A word-for-word copy of the data is what's wanted, with no pictures.

++++++++++++++++++++

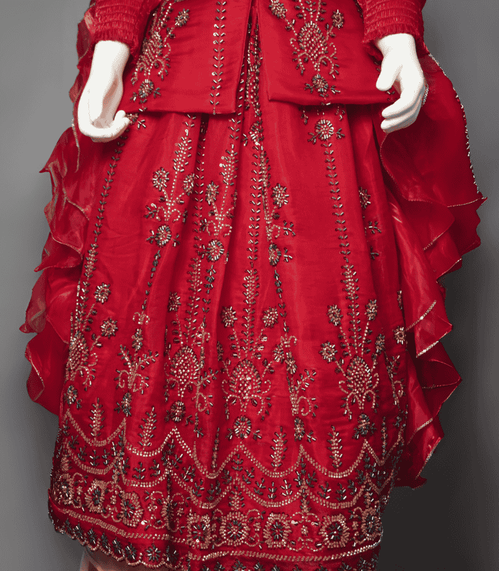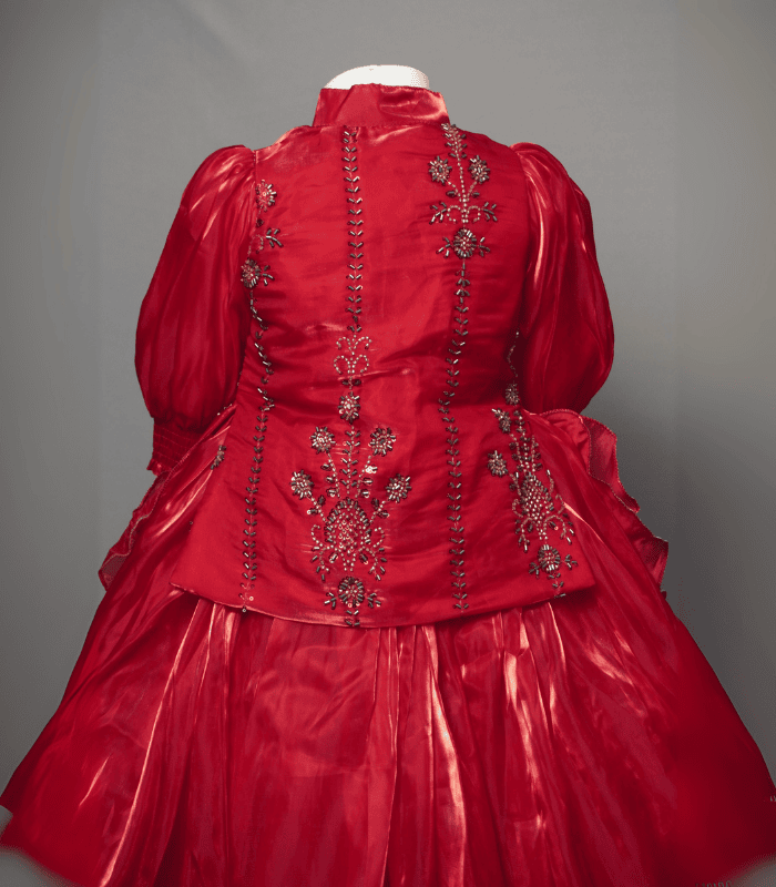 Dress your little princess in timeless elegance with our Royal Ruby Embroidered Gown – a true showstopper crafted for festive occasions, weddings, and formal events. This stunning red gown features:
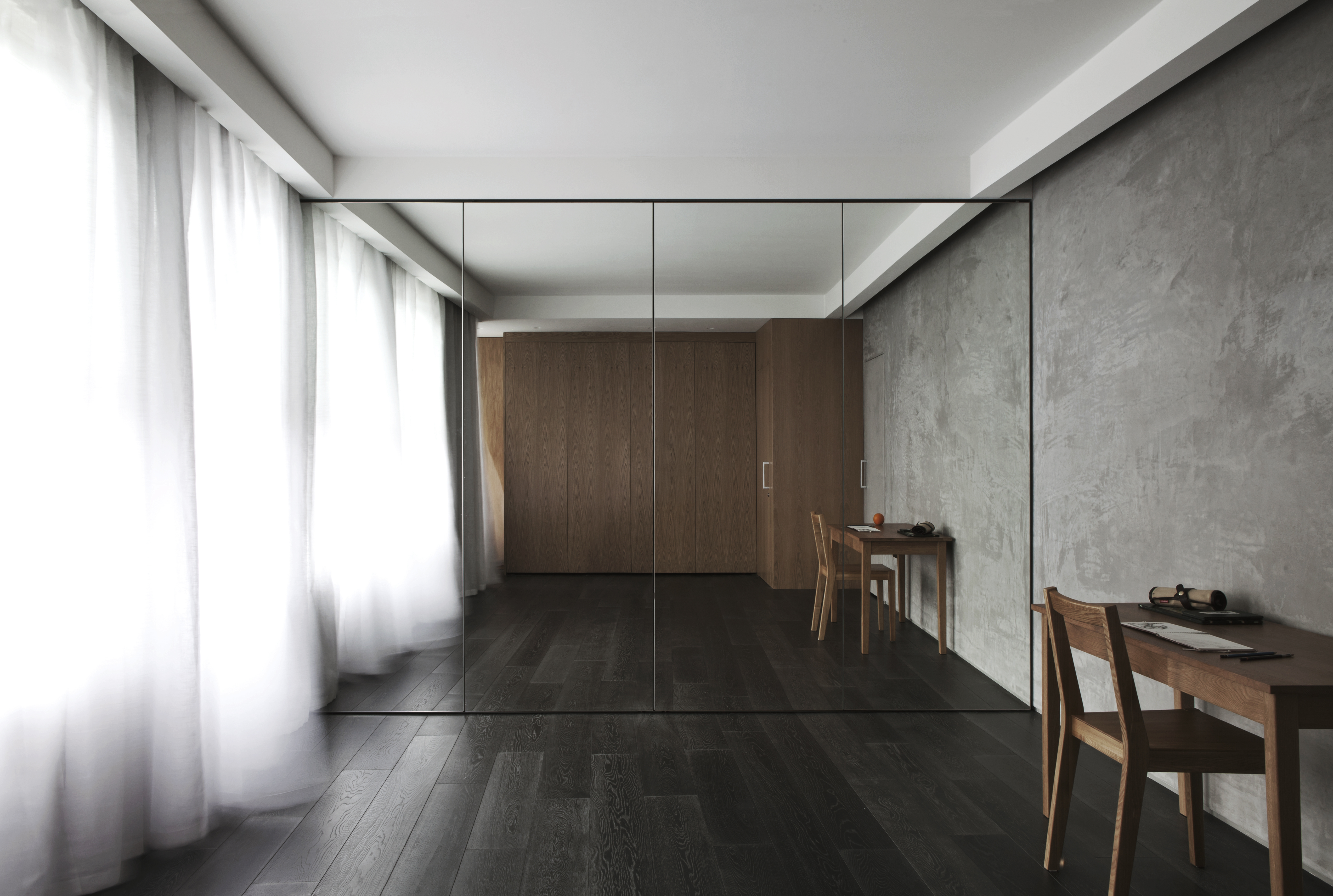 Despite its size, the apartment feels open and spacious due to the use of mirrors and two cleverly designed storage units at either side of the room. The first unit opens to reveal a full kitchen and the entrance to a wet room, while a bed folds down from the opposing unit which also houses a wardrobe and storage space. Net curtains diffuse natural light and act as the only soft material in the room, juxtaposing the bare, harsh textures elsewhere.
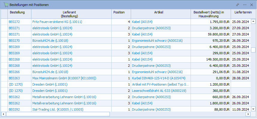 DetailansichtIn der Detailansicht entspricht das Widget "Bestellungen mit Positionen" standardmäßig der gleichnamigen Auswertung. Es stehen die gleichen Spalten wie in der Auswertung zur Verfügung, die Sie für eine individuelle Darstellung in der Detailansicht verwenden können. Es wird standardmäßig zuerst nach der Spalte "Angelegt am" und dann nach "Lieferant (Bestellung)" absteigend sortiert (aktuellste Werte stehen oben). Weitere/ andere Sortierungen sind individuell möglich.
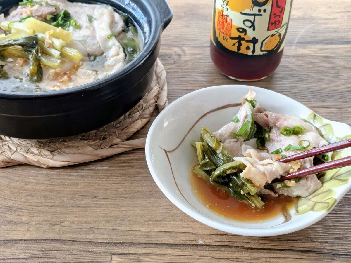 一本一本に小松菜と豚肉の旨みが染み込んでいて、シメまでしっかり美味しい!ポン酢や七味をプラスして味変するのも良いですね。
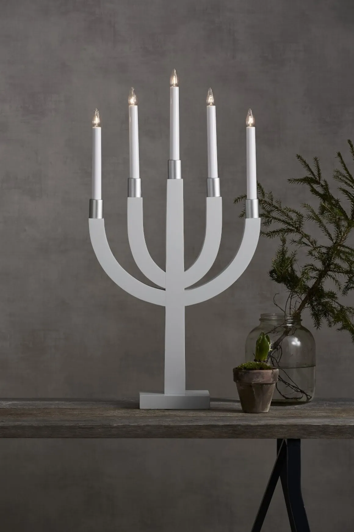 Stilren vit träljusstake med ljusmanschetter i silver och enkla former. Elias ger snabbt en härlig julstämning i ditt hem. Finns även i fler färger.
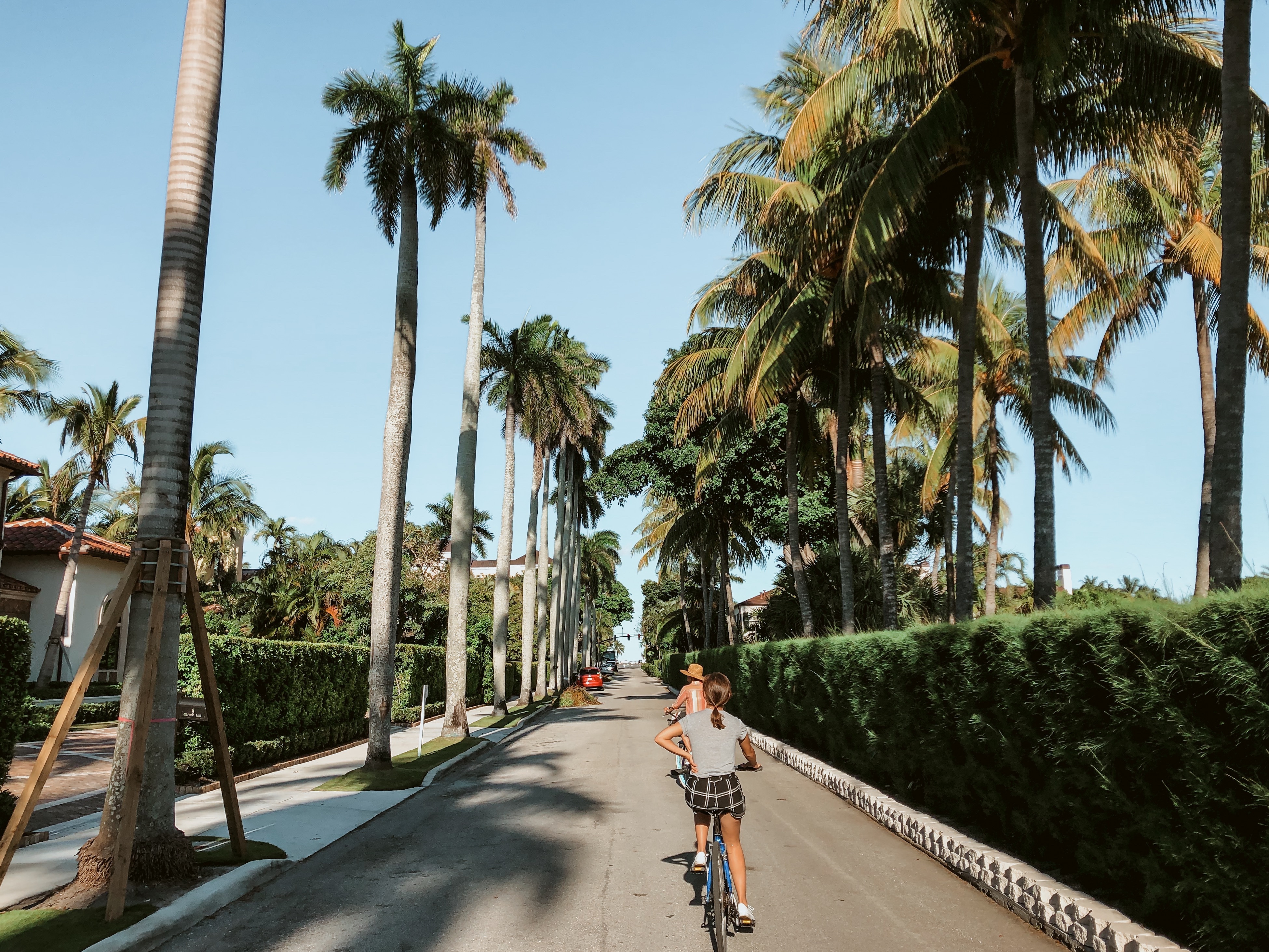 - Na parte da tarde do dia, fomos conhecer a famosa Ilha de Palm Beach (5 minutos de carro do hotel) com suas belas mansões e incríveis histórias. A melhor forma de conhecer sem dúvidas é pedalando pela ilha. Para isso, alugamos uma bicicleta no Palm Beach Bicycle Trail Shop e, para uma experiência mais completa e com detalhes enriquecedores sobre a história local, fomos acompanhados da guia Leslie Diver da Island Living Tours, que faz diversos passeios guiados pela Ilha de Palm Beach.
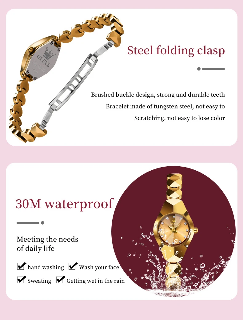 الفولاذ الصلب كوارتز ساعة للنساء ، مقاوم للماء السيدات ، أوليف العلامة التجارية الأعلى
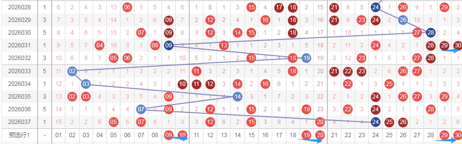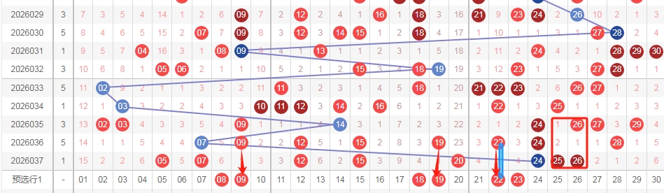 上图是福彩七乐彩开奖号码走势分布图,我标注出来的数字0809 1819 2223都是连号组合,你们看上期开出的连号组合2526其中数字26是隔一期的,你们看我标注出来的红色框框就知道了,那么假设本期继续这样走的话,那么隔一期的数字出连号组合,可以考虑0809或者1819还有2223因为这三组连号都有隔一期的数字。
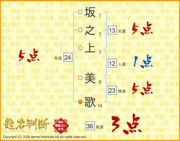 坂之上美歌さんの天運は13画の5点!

++++++++++++++++++++

** Written solution **
 Dress your little princess in timeless elegance with our Royal Ruby Embroidered Gown – a true showstopper crafted for festive occasions, weddings, and formal events. This stunning red gown features:
 Despite its size, the apartment feels open and spacious due to the use of mirrors and two cleverly designed storage units at either side of the room. The first unit opens to reveal a full kitchen and the entrance to a wet room, while a bed folds down from the opposing unit which also houses a wardrobe and storage space. Net curtains diffuse natural light and act as the only soft material in the room, juxtaposing the bare, harsh textures elsewhere.
 DetailansichtIn der Detailansicht entspricht das Widget "Bestellungen mit Positionen" standardmäßig der gleichnamigen Auswertung. Es stehen die gleichen Spalten wie in der Auswertung zur Verfügung, die Sie für eine individuelle Darstellung in der Detailansicht verwenden können. Es wird standardmäßig zuerst nach der Spalte "Angelegt am" und dann nach "Lieferant (Bestellung)" absteigend sortiert (aktuellste Werte stehen oben). Weitere/ andere Sortierungen sind individuell möglich.
 一本一本に小松菜と豚肉の旨みが染み込んでいて、シメまでしっかり美味しい!ポン酢や七味をプラスして味変するのも良いですね。
 Stilren vit träljusstake med ljusmanschetter i silver och enkla former. Elias ger snabbt en härlig julstämning i ditt hem. Finns även i fler färger.
 - Na parte da tarde do dia, fomos conhecer a famosa Ilha de Palm Beach (5 minutos de carro do hotel) com suas belas mansões e incríveis histórias. A melhor forma de conhecer sem dúvidas é pedalando pela ilha. Para isso, alugamos uma bicicleta no Palm Beach Bicycle Trail Shop e, para uma experiência mais completa e com detalhes enriquecedores sobre a história local, fomos acompanhados da guia Leslie Diver da Island Living Tours, que faz diversos passeios guiados pela Ilha de Palm Beach.
 الفولاذ الصلب كوارتز ساعة للنساء ، مقاوم للماء السيدات ، أوليف العلامة التجارية الأعلى
 上图是福彩七乐彩开奖号码走势分布图,我标注出来的数字0809 1819 2223都是连号组合,你们看上期开出的连号组合2526其中数字26是隔一期的,你们看我标注出来的红色框框就知道了,那么假设本期继续这样走的话,那么隔一期的数字出连号组合,可以考虑0809或者1819还有2223因为这三组连号都有隔一期的数字。
 坂之上美歌さんの天運は13画の5点!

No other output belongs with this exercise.